- The task
Find each line below where the word "người" occurs, and copy it.

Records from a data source
▽
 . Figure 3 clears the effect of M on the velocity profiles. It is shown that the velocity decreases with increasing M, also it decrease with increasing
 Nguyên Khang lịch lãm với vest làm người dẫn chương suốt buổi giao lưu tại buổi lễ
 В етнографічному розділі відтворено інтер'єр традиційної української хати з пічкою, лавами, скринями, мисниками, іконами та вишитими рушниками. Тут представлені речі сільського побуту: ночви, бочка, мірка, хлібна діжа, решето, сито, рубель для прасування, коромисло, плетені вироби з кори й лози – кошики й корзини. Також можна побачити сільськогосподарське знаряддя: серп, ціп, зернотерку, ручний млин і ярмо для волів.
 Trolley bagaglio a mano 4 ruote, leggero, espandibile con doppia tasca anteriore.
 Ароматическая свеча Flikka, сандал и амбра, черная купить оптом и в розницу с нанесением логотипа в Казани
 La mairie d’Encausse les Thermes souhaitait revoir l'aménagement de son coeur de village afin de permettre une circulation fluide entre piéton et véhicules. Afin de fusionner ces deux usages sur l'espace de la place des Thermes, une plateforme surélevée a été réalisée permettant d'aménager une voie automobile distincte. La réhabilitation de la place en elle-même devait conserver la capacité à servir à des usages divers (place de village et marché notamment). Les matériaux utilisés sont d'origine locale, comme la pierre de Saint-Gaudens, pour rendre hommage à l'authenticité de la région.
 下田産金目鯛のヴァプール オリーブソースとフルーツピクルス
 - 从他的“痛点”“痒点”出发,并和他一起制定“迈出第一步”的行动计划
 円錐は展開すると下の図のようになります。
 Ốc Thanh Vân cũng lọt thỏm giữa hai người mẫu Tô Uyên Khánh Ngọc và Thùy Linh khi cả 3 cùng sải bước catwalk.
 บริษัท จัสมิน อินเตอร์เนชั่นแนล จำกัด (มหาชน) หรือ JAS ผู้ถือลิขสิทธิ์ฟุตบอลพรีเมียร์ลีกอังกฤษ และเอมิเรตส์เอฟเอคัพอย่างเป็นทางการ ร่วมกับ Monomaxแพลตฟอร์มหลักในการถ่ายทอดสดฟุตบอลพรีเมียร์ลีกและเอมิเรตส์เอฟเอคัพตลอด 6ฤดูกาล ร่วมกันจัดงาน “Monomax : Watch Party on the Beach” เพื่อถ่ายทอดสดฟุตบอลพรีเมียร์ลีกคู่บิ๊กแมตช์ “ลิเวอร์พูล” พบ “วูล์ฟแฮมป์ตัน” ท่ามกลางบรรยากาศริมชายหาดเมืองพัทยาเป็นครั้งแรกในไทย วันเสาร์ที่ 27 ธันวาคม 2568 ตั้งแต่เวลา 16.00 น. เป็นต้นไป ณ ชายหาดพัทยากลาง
△
- Result of the task
 Nguyên Khang lịch lãm với vest làm người dẫn chương suốt buổi giao lưu tại buổi lễ
 Ốc Thanh Vân cũng lọt thỏm giữa hai người mẫu Tô Uyên Khánh Ngọc và Thùy Linh khi cả 3 cùng sải bước catwalk.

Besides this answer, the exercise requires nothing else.